Task to carry out
Nothing but the lines below from the one holding "9일 부산 사직야구장에서" up to and including the one holding "рубашкой и галстуком)." should be copied, exactly and without pictures.

Recorded data
● ● ● ● ● ● ●
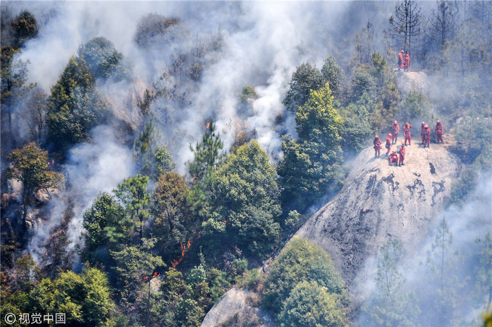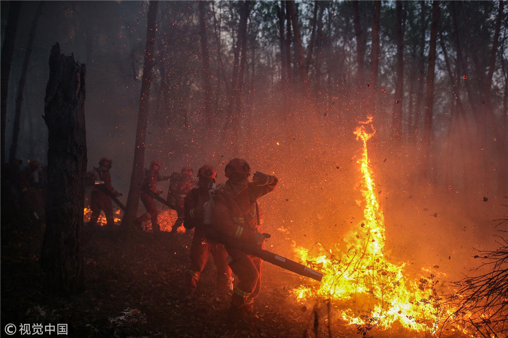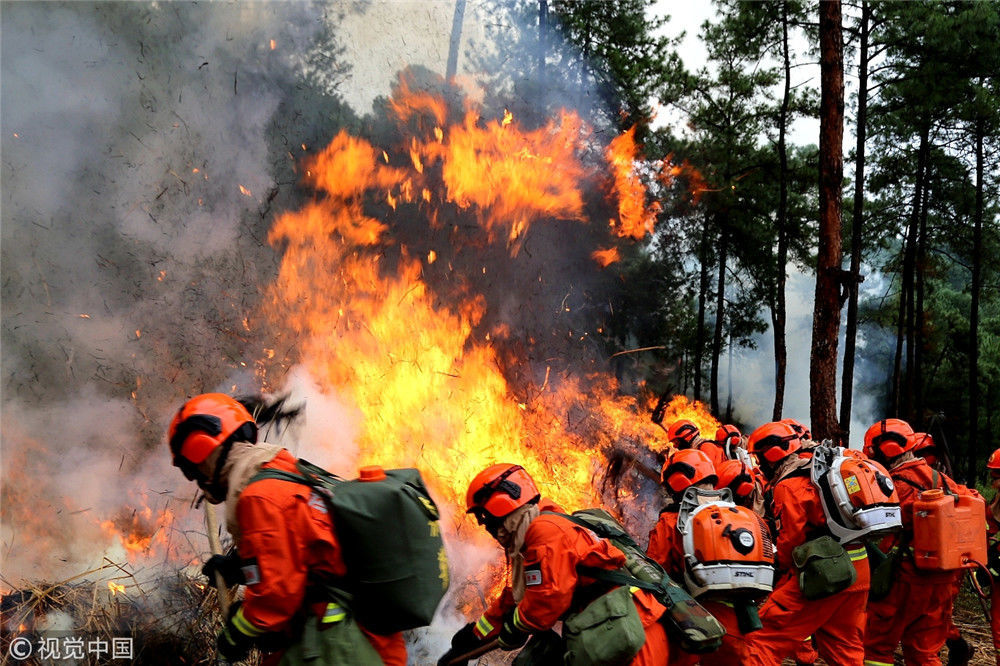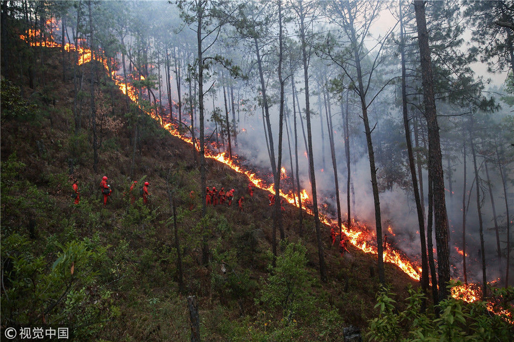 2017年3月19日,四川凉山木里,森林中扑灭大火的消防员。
● ● ● ● ● ● ●
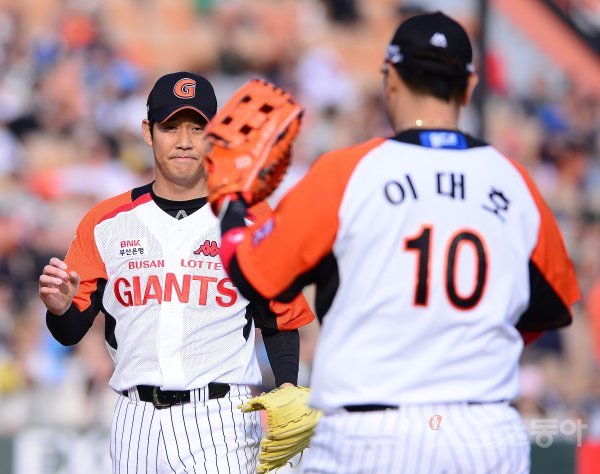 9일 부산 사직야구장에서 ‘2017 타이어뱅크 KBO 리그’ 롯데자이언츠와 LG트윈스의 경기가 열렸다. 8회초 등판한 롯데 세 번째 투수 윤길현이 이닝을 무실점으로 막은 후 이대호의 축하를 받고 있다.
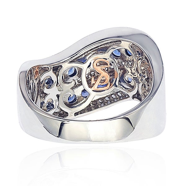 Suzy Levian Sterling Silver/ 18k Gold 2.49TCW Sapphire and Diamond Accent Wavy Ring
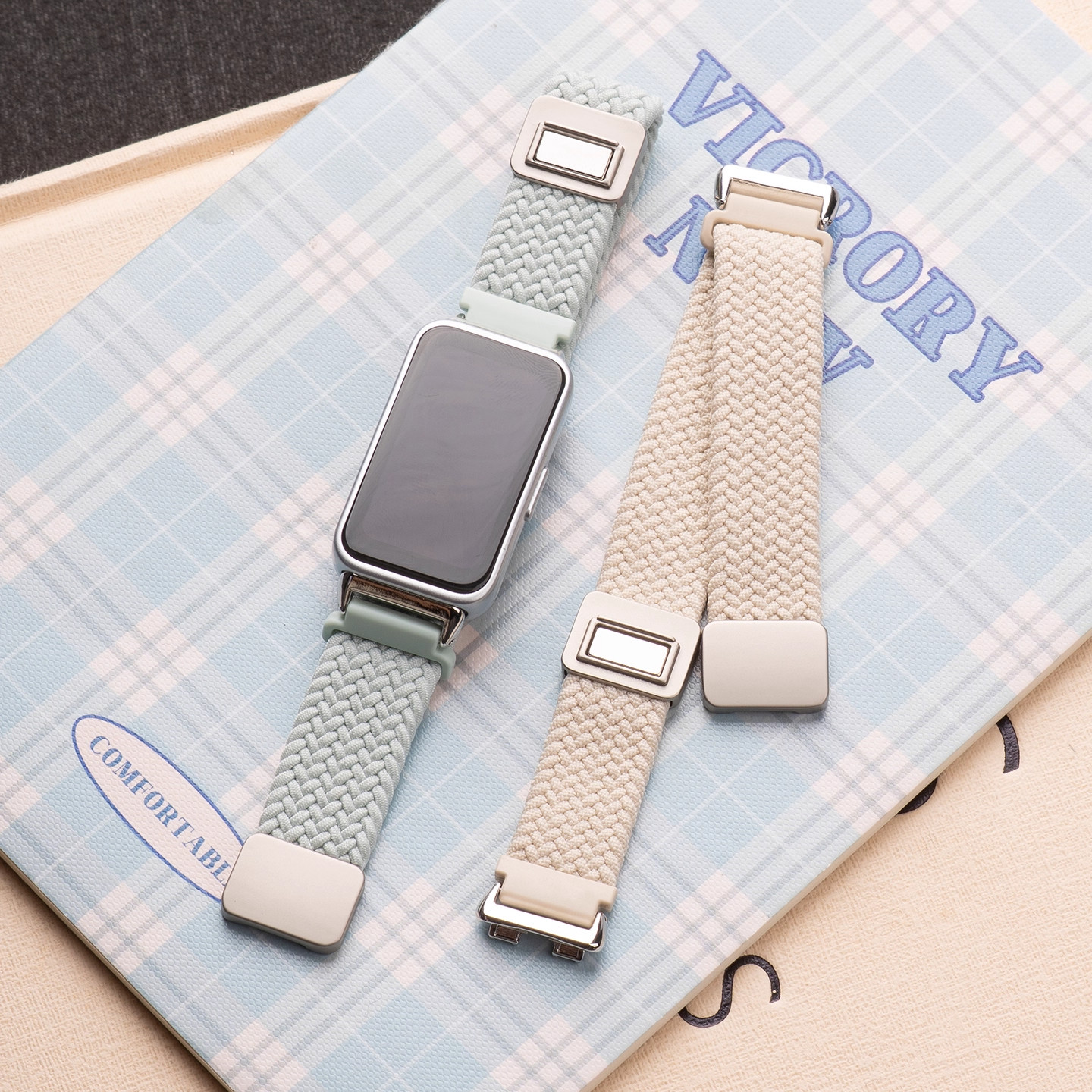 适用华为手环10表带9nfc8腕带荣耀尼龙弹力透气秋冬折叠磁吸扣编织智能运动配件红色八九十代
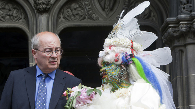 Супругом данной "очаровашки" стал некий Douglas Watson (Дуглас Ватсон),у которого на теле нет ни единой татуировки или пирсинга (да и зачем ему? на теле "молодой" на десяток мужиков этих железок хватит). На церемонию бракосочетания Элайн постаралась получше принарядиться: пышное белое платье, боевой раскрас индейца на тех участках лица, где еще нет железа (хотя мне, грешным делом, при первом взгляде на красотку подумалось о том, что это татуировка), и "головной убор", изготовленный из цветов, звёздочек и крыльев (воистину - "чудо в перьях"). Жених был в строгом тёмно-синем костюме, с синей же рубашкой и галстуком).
● ● ● ● ● ● ●
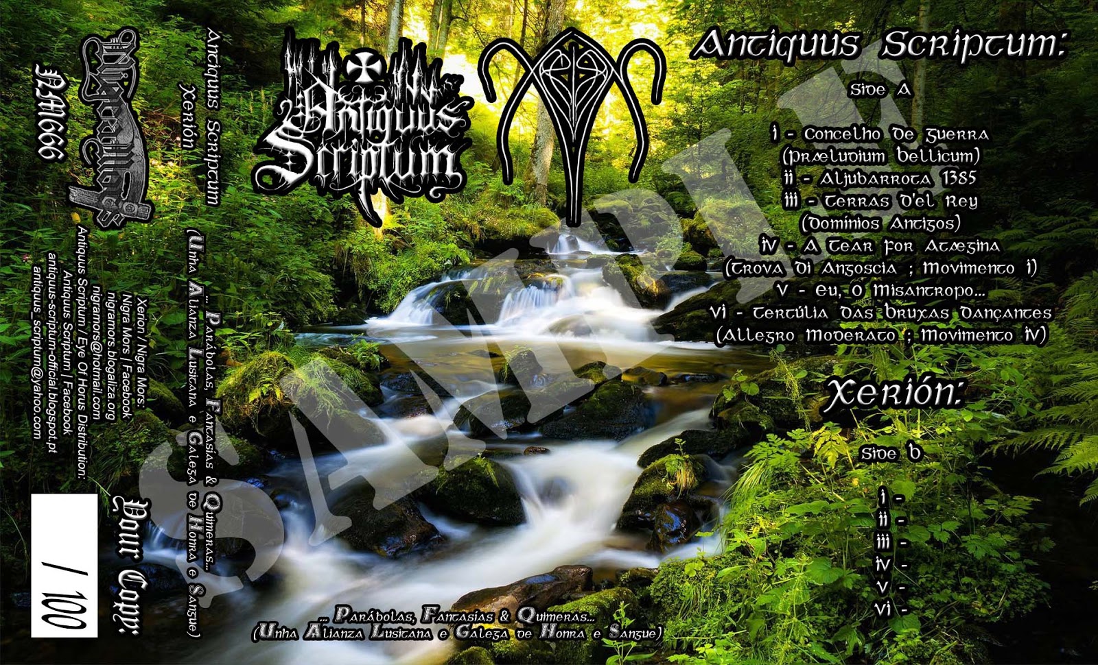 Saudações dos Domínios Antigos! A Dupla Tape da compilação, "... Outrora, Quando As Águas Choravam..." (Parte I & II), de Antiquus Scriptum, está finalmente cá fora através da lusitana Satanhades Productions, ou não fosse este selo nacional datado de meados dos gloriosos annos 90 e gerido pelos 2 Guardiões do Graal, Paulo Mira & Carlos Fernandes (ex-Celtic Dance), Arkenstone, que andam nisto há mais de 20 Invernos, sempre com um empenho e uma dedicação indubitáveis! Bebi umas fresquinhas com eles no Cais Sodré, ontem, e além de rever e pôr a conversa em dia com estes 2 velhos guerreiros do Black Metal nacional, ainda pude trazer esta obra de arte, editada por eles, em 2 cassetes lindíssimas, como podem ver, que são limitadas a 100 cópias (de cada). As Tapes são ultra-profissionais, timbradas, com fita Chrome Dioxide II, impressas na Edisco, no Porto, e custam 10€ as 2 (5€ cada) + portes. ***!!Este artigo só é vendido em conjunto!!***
● ● ● ● ● ● ●
Output below
 9일 부산 사직야구장에서 ‘2017 타이어뱅크 KBO 리그’ 롯데자이언츠와 LG트윈스의 경기가 열렸다. 8회초 등판한 롯데 세 번째 투수 윤길현이 이닝을 무실점으로 막은 후 이대호의 축하를 받고 있다.
 Suzy Levian Sterling Silver/ 18k Gold 2.49TCW Sapphire and Diamond Accent Wavy Ring
 适用华为手环10表带9nfc8腕带荣耀尼龙弹力透气秋冬折叠磁吸扣编织智能运动配件红色八九十代
 Супругом данной "очаровашки" стал некий Douglas Watson (Дуглас Ватсон),у которого на теле нет ни единой татуировки или пирсинга (да и зачем ему? на теле "молодой" на десяток мужиков этих железок хватит). На церемонию бракосочетания Элайн постаралась получше принарядиться: пышное белое платье, боевой раскрас индейца на тех участках лица, где еще нет железа (хотя мне, грешным делом, при первом взгляде на красотку подумалось о том, что это татуировка), и "головной убор", изготовленный из цветов, звёздочек и крыльев (воистину - "чудо в перьях"). Жених был в строгом тёмно-синем костюме, с синей же рубашкой и галстуком).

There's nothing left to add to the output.